Pope Leo XIV (born Robert Francis Prevost; September 14, 1955) is head of the Catholic Church and sovereign of the Vatican City State.
He was elected in the papal conclave as the successor to Pope Francis (May 8, 2025).
Born in Chicago, Illinois, Pope Leo XIV became a friar of the Order of Saint Augustine in 1977 and was ordained as a priest in 1982.
His service includes extensive missionary work in Peru in the 1980s and 1990s, where he served as a parish pastor, diocesan official, seminary teacher, and administrator.
Elected prior general of the Order of Saint Augustine from 2001 to 2013, he returned to Peru as Bishop of Chiclayo from 2015 to 2023.
In 2023, Pope Francis appointed him prefect of the Dicastery for Bishops and president of the Pontifical Commission for Latin America, and made him a cardinal the same year.
As a cardinal, he emphasized synodality, missionary dialogue, and engagement with social and technological challenges.
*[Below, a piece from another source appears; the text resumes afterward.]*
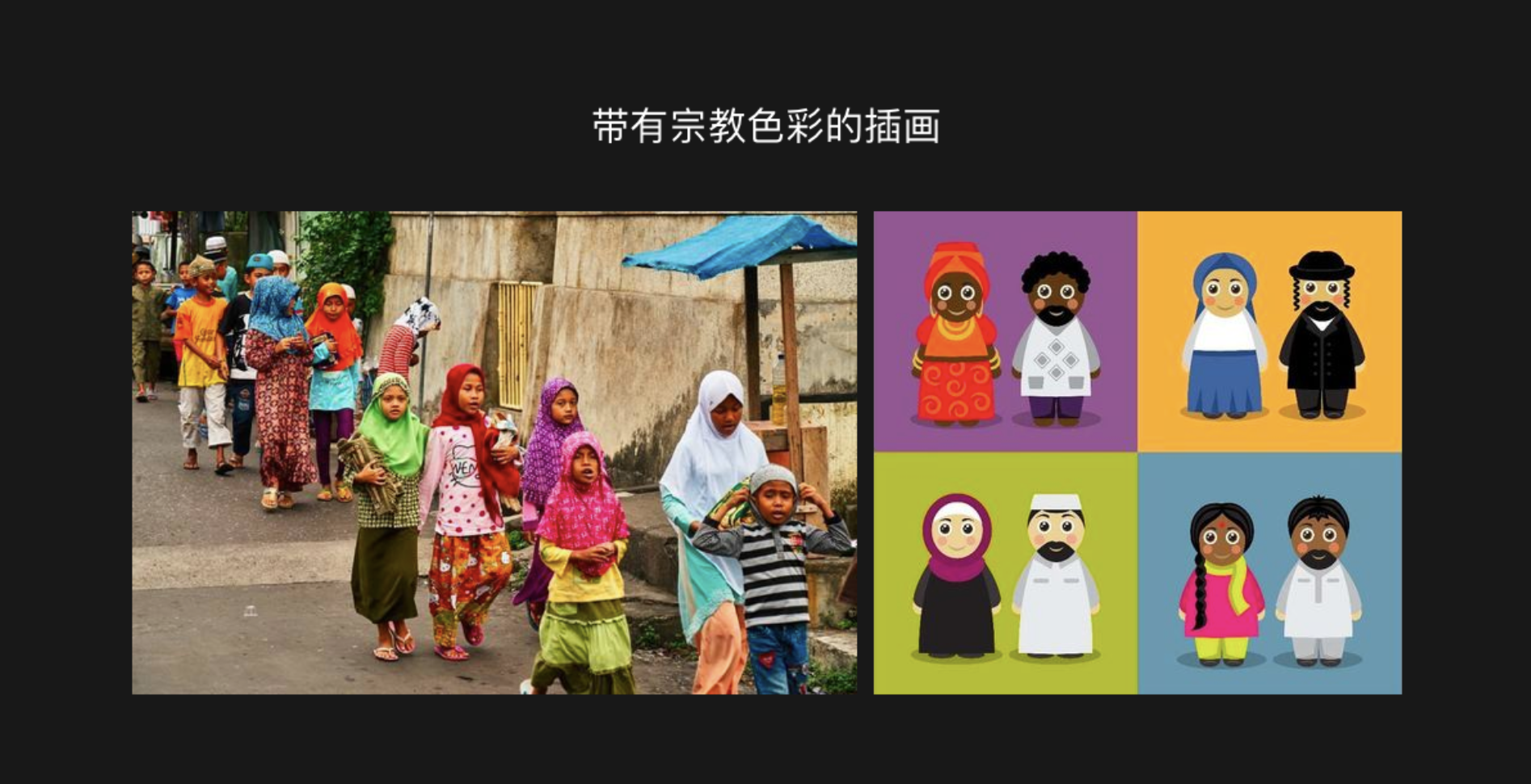 穆斯林在正式的場合,穿著要莊重得體。男性一般身穿白襯衫長褲,女性要戴頭巾,不能穿暴露的服裝。由于宗教的原因,有的女性在日常生活中也會有戴頭巾的習(xí)慣。如果在人物插畫設(shè)計中想要有比較強(qiáng)的宗教色彩,那么可以選擇融入這個元素。

He also engaged with issues such as climate change, global migration, church governance, and human rights, and expressed alignment with the reforms of the Second Vatican Council.
A United States citizen by birth, Leo XIV is the first pope to have been born in North America, the first to hold Peruvian citizenship (having been naturalized in 2015), the second pope from the Americas (after his predecessor Francis), and the first from the Order of Saint Augustine. His papal name was inspired by Pope Leo XIII, who developed modern Catholic social teaching amid the Second Industrial Revolution.